À Tournay, 22 octobre.

Acteurs moitié français, moitié suisses, décorateurs de mon théâtre de Polichinelle,


Durant quelques moments souffrez que je respire[1],


et que je réponde à mon ange. Je devrais lui avoir déjà envoyé la pièce, telle que Mme Scaliger la veut. Mon ange est aussi un peu Scaliger, et je le suis plus qu’eux tous. Vous ne la reconnaîtrez pas, cette Chevalerie. J’en use comme dans le temps où j’envoyais à Mlle Desmares[2] des corrections dans un pâté : hesternus error, hodierna virtus. Si j’avais quatre-vingts ans, je chercherais à me corriger. Je n’ai point cette roideur d’esprit des vieillards, mon cher ange ; je suis flexible comme une anguille, et vif comme un lézard, et travaillant toujours comme un écureuil. Dès qu’on me fait apercevoir d’une sottise, j’en mets vite une autre à la place.
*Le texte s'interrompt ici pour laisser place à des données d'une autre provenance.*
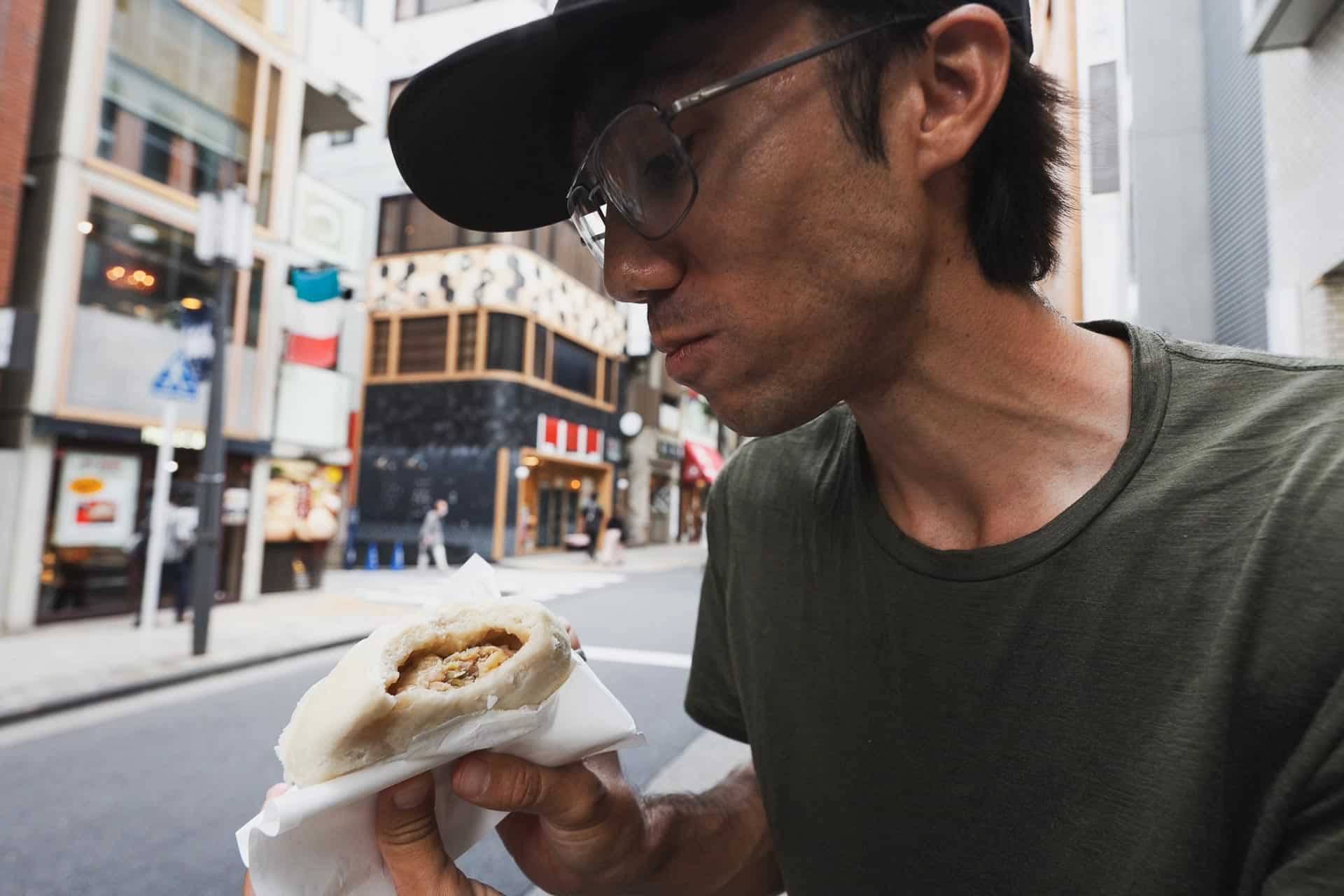 Stepping into Kagurazaka Gojūban in the mid-morning, we found it refreshingly less crowded than the bustling Taiyaki Wakaba. Ordering a steaming nikuman, we carried it outside, letting Tokyo’s air cool it down.

Notre conseil n’a jamais pu adopter les négociations de monsieur l’ambassadeur : il sera refusé tout net ; mais nous adoucirons le mauvais succès de son ambassade par une réception dont j’espère que lui et madame l’ambassadrice seront contents. D’ailleurs il entend raison ; il ne voudra pas qu’un Maure envoie un espion dans Syracuse quand les portes sont fermées ; il ne voudra pas que ce Maure propose de mettre tout à feu et à sang si l’on pend une fille. Figurez-vous le beau rôle que jouerait la fille pendant tout ce temps-là ; et ne voilà-t-il pas une intrigue bien attachante que l’embarras de quatre chevaliers qui délibéreraient de sang-froid si l’on exécutera mademoiselle ou non ! et puis alors comment justifier cette pauvre créature ? qu’aurait-elle à dire ? tout déposerait contre elle. L’abbé d’Espagnac, grand raisonneur, lui dirait : Mon enfant, non-seulement vous avez écrit à Solamir, mais vous l’excitez contre nous ; il est clair que vous êtes une malheureuse. Elle serait forcée à dire toujours : Non, non, non, pendant deux actes ; ce serait un procès criminel sans preuves justificatives, et Joly de Fleury ferait brûler

  1. Boileau, satire iii, v. 14.
  2. Cette actrice, nièce de la fameuse Champmélée, créa le rôle de Jocaste dans l’Œdipe de Voltaire. Retirée du théâtre en 1721, elle mourut en 1753.